Why does he consequently attach so much significance to a detail which has none for us? The text of 1Joh5:6, that we have just encountered, allows us to catch a glimpse into the solution behind this enigma. The blood and the water that the piercing of the lance caused to gush is the corroboration from the history of the didactic teaching given by the epistle. This last one professes that Jesus didn't come only with the water, but also with the blood; that he was not limited to receiving John's baptism, but that he also shed his blood, that he really died for us. The gospel exposes that which is past. When the Roman soldier approached the cross, Jesus had died already. However one would raise objection that he had died as phantoms die, that he had died only in appearance. The piercing of the spear dissipates this suspicion. The side of Jesus was pierced by the lance, blood flowed out with water. There was a blood flow: evidence that Jesus had a carnal body like that of our own, for an ethereal body would not have had blood. But was this blood of his possibly artificial? No, for had it been artificial, it would have had a vermilion color. Now, with the blood it became decomposed by death; thus evidence that this blood was of the same quality as ours and that Jesus possessed very much a human nature that was in every respect equal to that of our own.

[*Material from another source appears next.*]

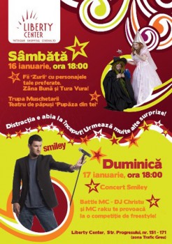 Sambata si duminica, 16 si 17 ianuarie 2010, ora 18:00, Liberty Center Mall din Bucuresti ne-a pregatit o seara cu teatru pentru cei mici si un concert Smiley.

The piercing of the spear, with what ensues, is therefore an apologetic history, a history destined toward confirming the incarnation of Jesus the Son of God. But what becomes of the witness with the certificate of high integrity that is delivered of him? This is the expedient to which one resorts when one has reservations to battle, and mistrusts to uproot. The author is taken up with some Christians who preached the doctrine of the spiritual Christ and who, if they did not already devote their adherence there, is on the verge of giving it. He says to them:
"There was the blood flow from the side of Christ pierced by the lance; blood mixed with water. This is well certain, for the witness to this fact is above all suspicion. Believe not thus in the phantom Christ, and hasten yourself to withdrawing your faith in him if you had the misfortune of agreeing with him. Do not let yourself become beguiled by this doctrine of delusion. Stay faithful to the incarnate Christ. Return to him if you left him ". He goes to war with docetism.
He battles with it. He has not thus been able to encourage it. It is not he who would have desired to yield to Christ the perception of a phantom. Well we know about some texts in which the Christ speaks, as an alien to the laws of humanity: "What is there between I and you, woman?" "You are from below; I myself am from above; you are of this world, I myself am not of this world "; "I have a food to eat that you know not"; "Father, the hour has come, glorify your son". Among these texts and the history of the piercing of the lance there is an abyss, -- an abyss which separates the marcionite christology from the catholic christology.